2010 - Marco MeneguzzoClaudio Verna, pittore, Catalogo ragionato, Fondazione VAF, Silvana Editoriale, Cinisello Balsamo, 2010

Per comprendere cosa questo attributo possa significare per il contesto in cui vive l’artista sarà necessario percorrere analiticamente tutta la sua attività, dagli esordi attorno al 1959, al lungo periodo di appartata maturazione a metà anni sessanta, all’impetuoso successo a cavallo del 1970, alla riflessione sulla pittura come mezzo, strumento e linguaggio dalla fine di quel decennio ad oggi.
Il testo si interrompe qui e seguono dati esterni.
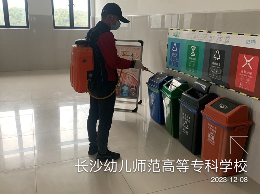 为师生营造舒适的校园环境,本月后勤处安排专人对校园进行常规消杀。现场工作人员对校园重点区域进行消杀👮♂️。
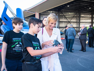 Robotics: Last week, three of our robotics students heading to the World Championship joined Ms. Juliano in representing Greenspun at the Henderson Chamber of Commerce-HDA (Henderson Development Association) Mixer. This event took place at All in Aviation at the Henderson Executive Airport and was attended by Henderson community business leaders. As their "adopted" robotics program, they are working to raise money for our program through their "Biz and Bots" fundraiser. We feel honored to be highlighted in this way by our community leaders and thank them for their enthusiastic support. Cole Myers, Jesse Sundstrom, and Zachary Bellante represented Greenspun Robotics, and their knowledge and professionalism wowed those in attendance. We are grateful for the Henderson Chamber and look forward to proudly wearing their logo at the Vex World Championships this April in Dallas.

Ma adesso, ad apertura di questo testo, è ancor più necessario tentare di capire cosa significhi per lui “essere pittore”, coacervo di sentimenti e di pensieri che non sempre – anzi, nel nostro caso quasi mai – coincide col significato che il contesto gli attribuisce e gli ha attribuito nel corso del tempo. Si potrebbe quasi dire che, una volta convintosi della sua vocazione – termine antico, ma calzante – attorno al 1967, le sue idee sull’arte e sulla pittura siano cambiate pochissimo, certamente assai meno di quelle del suo contesto, che ora gli era tangente, ora divergente, ora plaudente, ora dissonante. In altre parole, Claudio Verna è stato scarsamente influenzato dallo spirito del tempo, pur essendo molto curioso (e forse proprio per questo) dello spirito del tempo stesso: la sua cinquantennale attività è un’avventura prettamente individuale, che casualmente in qualche momento ha coinciso con altre avventure individuali, sino a costituire non proprio un movimento, ma un qualche sembiante di tendenza artistica identificabile e catalogabile (il riferimento è ovviamente agli anni settanta della Pittura Analitica, o della Pittura Pittura).

La pittura, allora, quasi fosse una sfera in cui si trova contemporaneamente all’interno e sulla superficie, da cui si esce solo per percorrerne la crosta, e come su un pianeta abbastanza ampio se ne può vedere la curvatura all’orizzonte, intuirne e dedurne la forma senza mai poterla guardare tutta insieme se non allontanandosene definitivamente, come il pianeta Terra visto dallo spazio (ma di cui, comunque, rimane sempre una faccia nascosta allo sguardo). In passato mi sono spesso chiesto come si potesse decidere di rimanere all’interno della pittura, o di ritornare alla pittura, e basterebbero queste due forme verbali – rimanere e ritornare – associate al termine pittura per identificare esattamente alcune delle riflessioni teoriche e pratiche più importanti di due decenni artistici contigui, i settanta e gli ottanta del XX secolo, e tuttavia, nel pensare al lavoro di Verna nessuno di questi termini è valido. Certo, se nella sua attività è evidente che non c’è alcun “ritorno alla pittura”, perché Verna non l’ha mai abbandonata, si potrebbe invece pensare che egli “rimane” nella pittura, ma se così fosse dimostreremmo di dare più retta al contesto storico critico che al suo reale lavoro: Verna infatti non decide di “rimanere nella pittura”, come se fosse un artista concettuale che si sceglie razionalmente il campo d’indagine ( e come per molti altri artisti è stata l’esperienza della Pittura Analitica), perché sarebbe come se decidesse di abbandonare la sua sfera, il suo pianeta. Si può fare, per brevissimi periodi – un viaggio nello spazio, per esempio – ma per ritornare poi sulla superficie, a anche in questo caso un cosmonauta non smetterebbe di essere cittadino della Terra… Tutto questo per dire come Verna non si sia mai posto il problema di rimanere o di andarsene dalla pittura, se non all’inizio della sua attività, dove però la questione e il quesito erano leggermente diversi: “sarò un artista?”. Una volta risposto affermativamente – e, come vedremo, Verna ci ha impiegato circa otto anni a darsi questa risposta – il “luogo” dell’arte per lui è stata la pittura. Per lui, dunque, chiedersi di “rimanere nella pittura” sarebbe come chiedersi “rimarrò abitante della Terra?”…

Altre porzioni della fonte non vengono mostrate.